In order to make multicloud work best for an enterprise you need to place a multicloud management tool, such as a CMP (cloud management platform) or a CSB (cloud services broker) between you and the plural clouds. This spares you from having to deal with the complexities of the native cloud services from each cloud provider.

Instead you deal with an abstraction layer, sometimes called a “single pane of glass” where you are able to leverage a single user interface and sometimes a single set of APIs to perform common tasks among the cloud providers you’re leveraging. Tasks may include provisioning storage or compute, auto-scaling, data movement, etc.   

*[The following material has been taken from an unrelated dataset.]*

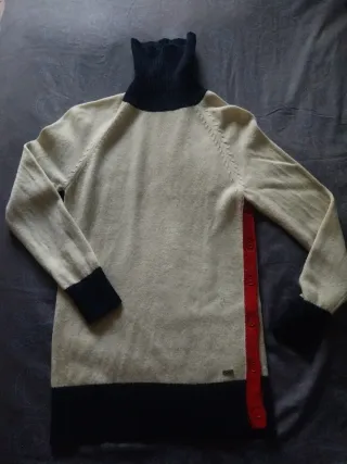 Maglione Slam con collo alto e maniche lunghe a raglan. - Dettaglio a contrasto rosso con bottoni. - Collo, polsini e fondo blu scuro. - Logo discreto sul fondo. - Misto lana-viscosa-cashmere. - Circonferenza seno cm 90. - Lunghezza cm 73. - Indossato poche volte. - Nessun buco o segni di usura

While many consider this a needed approach when dealing with complex multicloud solutions, there are some looming issues. The abstraction layers seem to have a trade-off when it comes to cloud service utilization. By not utilizing the native interfaces from each cloud provider you’re in essence not accessing the true power of the cloud provider, but instead just leveraging a subset of the services. 

Case in point: cloud storage. Say you’re provisioning storage through a CMP or CSB, and thus you’re leveraging an abstraction layer that has to use a least-common-denominator approach when managing the back-end cloud computing storage services. This means that you’re taking advantage of some storage services but not all. Although you do gain access to storage services that each cloud has in common, you may miss out on storage services that are specific to a cloud, such as advanced caching or systemic encryption.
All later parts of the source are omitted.